◆ Task brief ◆
Your copy should start at the line with "Schauspiel und Staatsoper" and end at the line with "Die geplante Außenansicht" in the data below. Transcribe only those lines, exactly, pictures excluded.

(Stored entries)
####

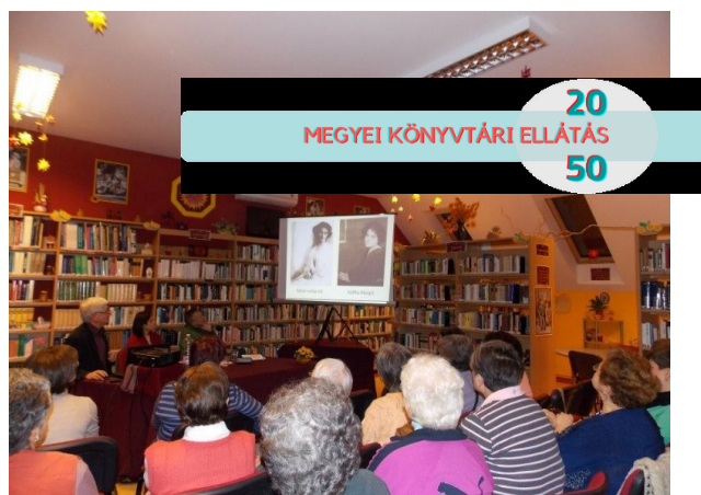
„A nő ezer arca” Olvasásnépszerűsítő programsorozat Zákányszéken
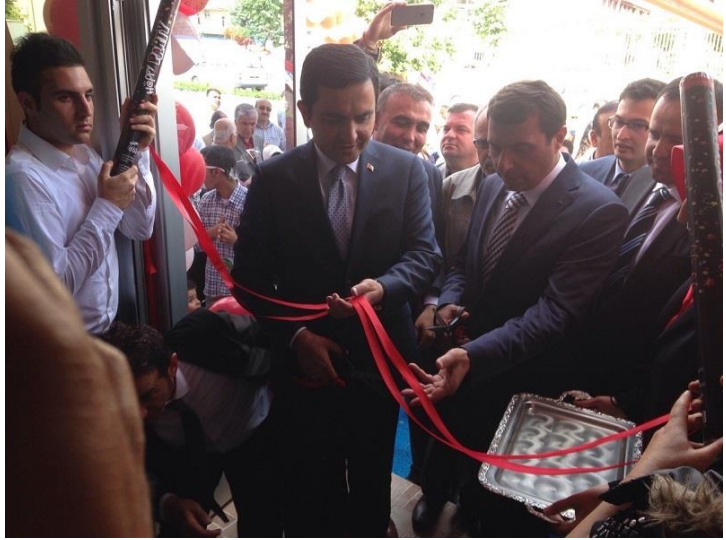
6- رەسىم: كىر شەھىرىدە ئاچقان «ئۈنچە ئېغىز بوشلۇقى ئامبۇلاتورىيىسى» نىڭ ئېچىلىش مۇراسىمىدا. لىنتا كېسىۋاتقان كىر شەھىرىنىڭ شەھەر باشلىقى ۋە پارلامېنت ئەزاسى. (ۋاقتى 2015-يىلى 5-ئاي )
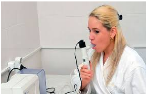
Рис.№7 Небулайзерная терапия

Введение лекарственных средств через небулайзер (пациенты с самостоятельным дыханием) - Небулайзеры напрямую связаны с аэрозольной и поэтому потенциально увеличивают риск передачи SARS-CoV-2. У пациентов с подозрением или документированным COVID-19 распыляемая бронходилатационная терапия должна назначаться только для лечения острого бронхоспазма (приступ бронхиальной астмы или обострение хронической обструктивной болезни легких [ХОБЛ]). В противном случае следует избегать распыляемой терапии, особенно при назначении без четкой доказательной базы; однако некоторые применения (например, гипертонический раствор при муковисцидозе) могут потребоваться индивидуально. Дозированный аэрозольный ингалятор (ДАИ) с дистанционными устройствами следует использовать вместо распылителей для лечения хронических состояний (например, для лечения астмы или лечения ХОБЛ). Пациенты могут использовать свои собственные ДАИ, если в больнице их нет.
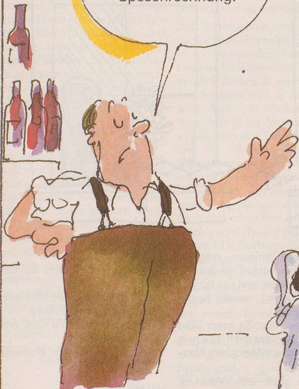
Wirte haben es natürlich einfach.

Aus ethischen und religiösen Gründen verweigere ich jeglichen Steuerdienst.
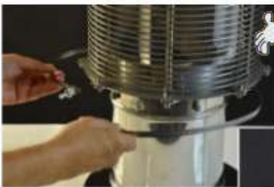
2° Posizionamento fascetta
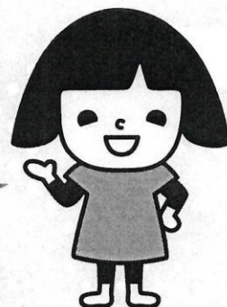
笑味ちゃん

JAグループがすすめる「みんなのよい食プロジェクト」の一環として、これからの食・農を担う次世代の子どもたちに、お米・ごはん食、稲作など、日本の食卓と国土を豊かに作りあげてきた稲作農業全般についての学びを深めてもらうとともに、子どもたちの優れた作品を顕彰することをつうじて、稲作農業の多面的機能と、お米・ごはん食の重要性を広く周知するために開催しています。
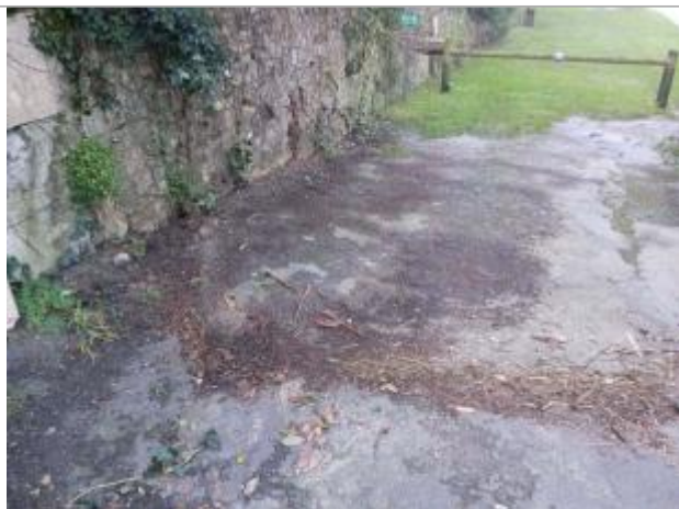
vue d'ensemble de la laisse d'inondation, avec en arrière plan le poteau sur lequel est marqué la laisse de crue.
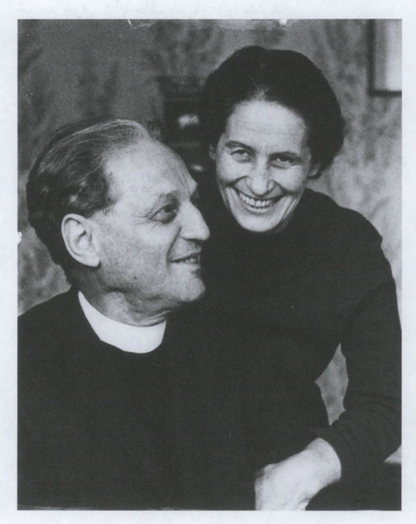
ریچارد وورمبراند و همسرش سابینه
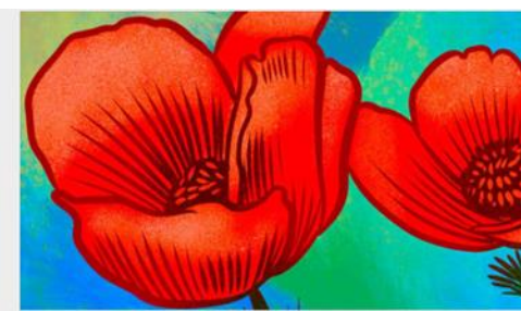
Calanit ( Anemone coronaria ), flor emblemática de Israel.

En el Mural, el diálogo cultural Colombia-Israel se refleja a través de elementos naturales referidos a la flora de ambos países más símbolos arquitectónicos e históricos de la ciudad de Ramle.
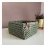
Eckiger Korb mit Holzboden Seite 86
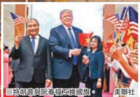
■特朗普與阮春福互換國旗。美聯社
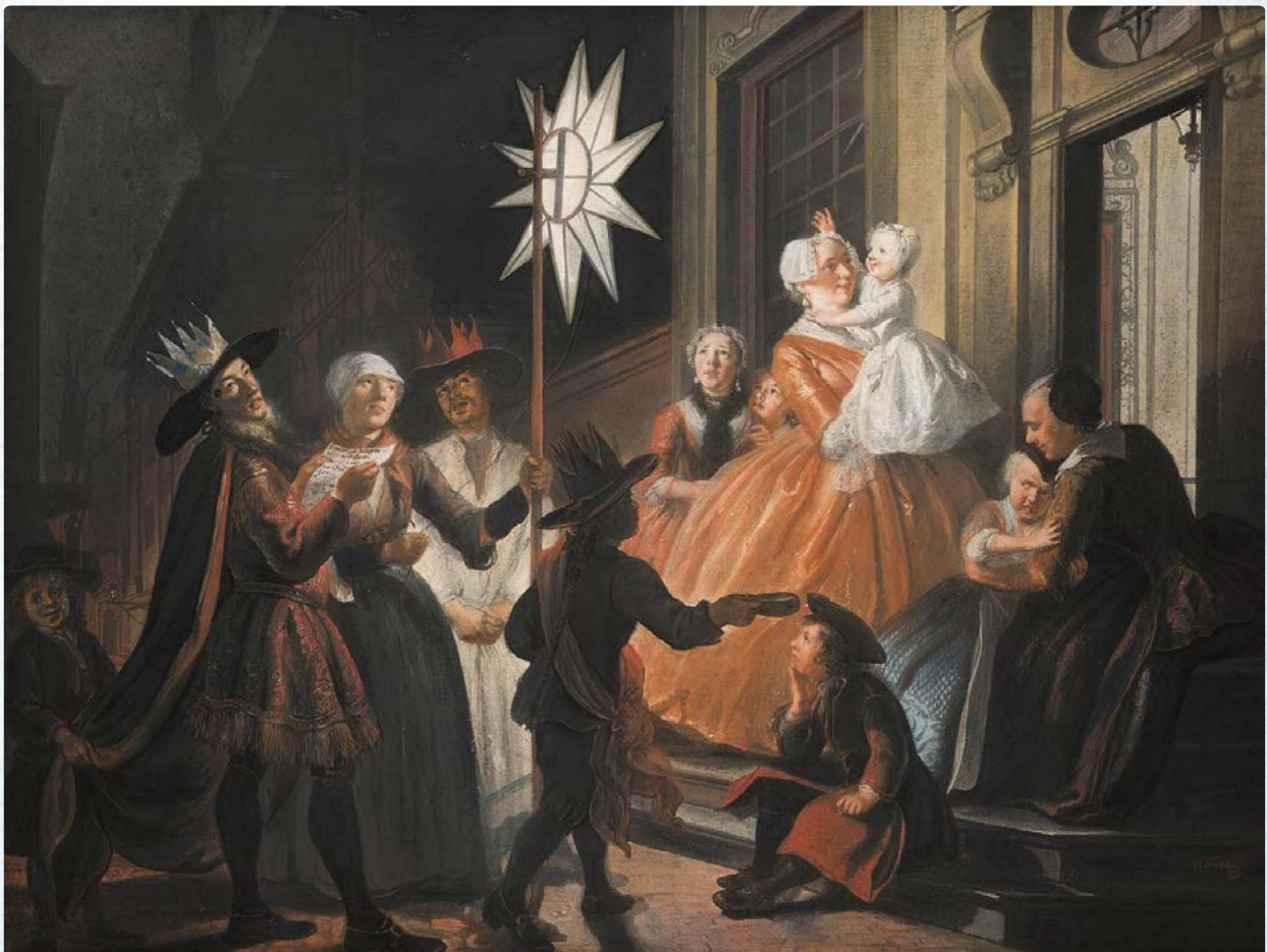
Cornelis Troost, ca 1740
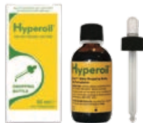
Acute fase 50 ml OLIE met druppelaar
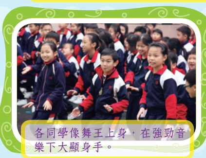
各同學像舞王上身, 在強勁音樂下大顯身手。

很欣賞學校舉辦藝術日, 令小朋友能在輕鬆愉快的氣氛下接觸不同類型的藝術元素及享受當中的樂趣。感謝老師及工友叔叔阿姨們的辛勤貢獻。
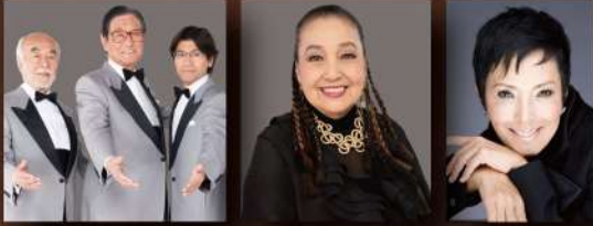
ボニー・ジャックス 湯川れい子 池畑慎之介 (ピーター)
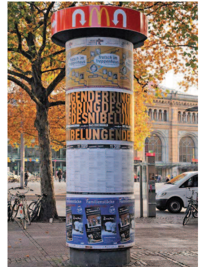
Schauspiel und Staatsoper Hannover reichten eine Ringlebung ein

weisen. Ebenso das Gerhard-Hauptmann-Theater Zittau konnte mit seinen eher traditionellen, aber ansprechenden Theaterplakaten viele Stimmen auf sich vereinen. Überraschend auf Platz 2 positionierte sich das durch Deutschland tourende Musical "The Rock 'n' Roll Wrestling Bash High Voltrash", welches in der Tat ein ganz eigenes Konzept verfolgt und durch die markante Zeichnung einen den gängigen Schönheitsvorstellungen widersprechenden, aber stimmigen Gesamteindruck vermittelt.
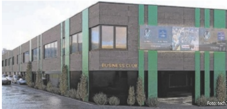
Die geplante Außenansicht – der Bereich vor dem Eingang ist künftig überdacht.

Die Erweiterung des Stadionsdorfs für die Fans und die Modernisierung der Gastronomie seien schon lange geplant, mussten aber immer wieder verschoben werden. „Wir wollten den Service für die
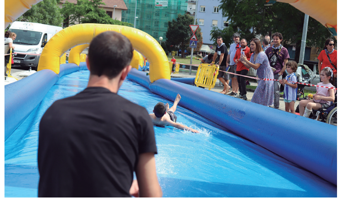
Ur puzgarrietan gozatu ederra hartu zuten gazteek.
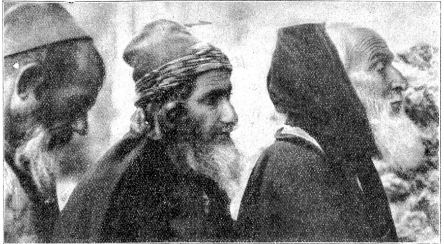
Vor der Klagemauer des Tempels. Juden aus dem heutigen Jerusalem.

Seit Jahrhunderten beanspruchte Hilterfingen am sonnig-milden Thunerseeufer auf 560 Meter Meereshöhe gelegen, das kirchliche Hoheitsrecht über die damals noch recht spärlich besiedelten Berghänge von Heiligen-
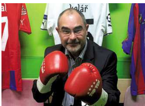
Kandidát na primátora Martin Zrzavecký na konci prázdnin otvíral Muzeum sportu v Plzni na Lochotíně.

rekonstrukce Městské sportovní haly na Slovanech. Řada projektů byla úspěšných i v oblasti sociálních služeb, zlepšování služeb MHD či podpory kultury a volnočasových aktivit obyvatel Plzně. Je toho samozřejmě mnohem více, ale pro mě je teď asi nejdůležitější, že se nám podaří vrátit vodárnu do vlastnictví města a zajistit tak regulovanou cenu vody.
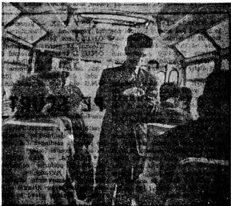
În autobuzul de Uricani.

PETROȘANI — 7 NOIEMBRIE: Căpitanul din Tenkes, seria I și II; REPUBLICA: Viață dificilă; PETRIȚA: Ah! Eva; LONEA: Sărutul; VULCAN: O stea cade din cer; CRIVIDIA: Judecătorul de minori; PAROȘENI: Ziua ferticității; LUPENI — CULTURAL: Intîlnire la Ischia.
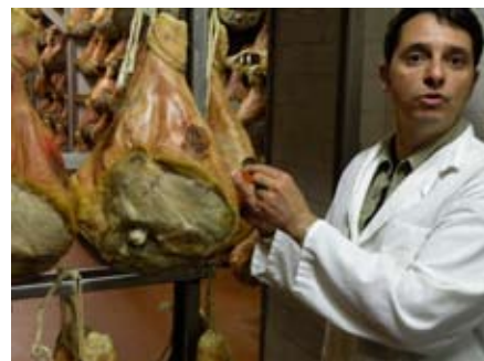
AU TERME DE LA MATURATION ET APRÈS DIFFÉRENTS CONTRÔLES, LES JAMBONS REÇOIVENT DIFFÉRENTS CACHETS
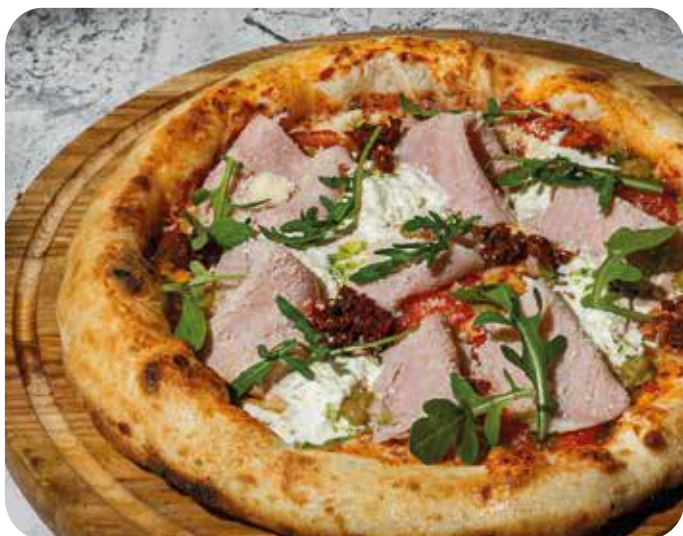
Пицца с ветчиной, руколой и сыром страчателла 32 см 890 р
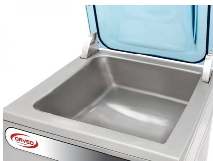
Camera a vuoto
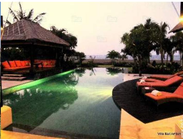
vue sur piscine
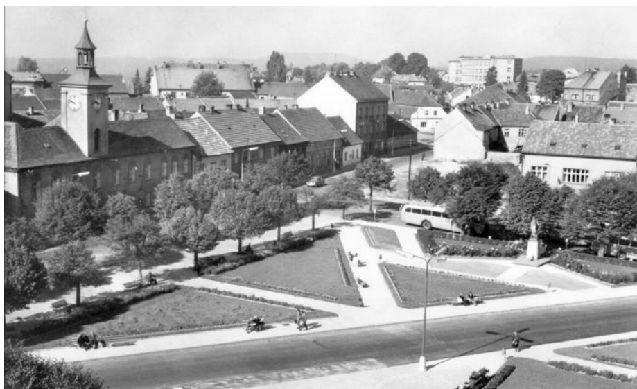
Obr. č. 13. Fotografie náměstí 60. léta 20. stol.

Další změny náměstí zažilo v šedesátých letech, kdy došlo k odstranění sochy sv. Jana Nepomuckého. Světcova socha byla nakonec nahrazena roku 1957 sochou Rudoarmějce, v nadživotní velikosti, která byla odhalena při čtyřicátém výročí VŘSR (Černý 2013, str. 147; viz obr. č. 13). Nové soše se následně začala kompozičně podřizovat nová koncepce náměstí, která byla zpracována počátkem šedesátých let. Podle této studie se tak volně prostranství náměstí rozdělilo dlážděnými chodníky, mezi kterými vznikly travnaté plochy se záhony květin a listnatých keřů, do prostoru se přidaly zídky a vodní prvek s fontánkou (Kuča 2001).
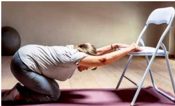
Aula Aberta Fortalecimento, Equilíbrio e Flexibilidade com Cadeira

####

◆ Solution for this problem ◆
Schauspiel und Staatsoper Hannover reichten eine Ringlebung ein

weisen. Ebenso das Gerhard-Hauptmann-Theater Zittau konnte mit seinen eher traditionellen, aber ansprechenden Theaterplakaten viele Stimmen auf sich vereinen. Überraschend auf Platz 2 positionierte sich das durch Deutschland tourende Musical "The Rock 'n' Roll Wrestling Bash High Voltrash", welches in der Tat ein ganz eigenes Konzept verfolgt und durch die markante Zeichnung einen den gängigen Schönheitsvorstellungen widersprechenden, aber stimmigen Gesamteindruck vermittelt.
Die geplante Außenansicht – der Bereich vor dem Eingang ist künftig überdacht.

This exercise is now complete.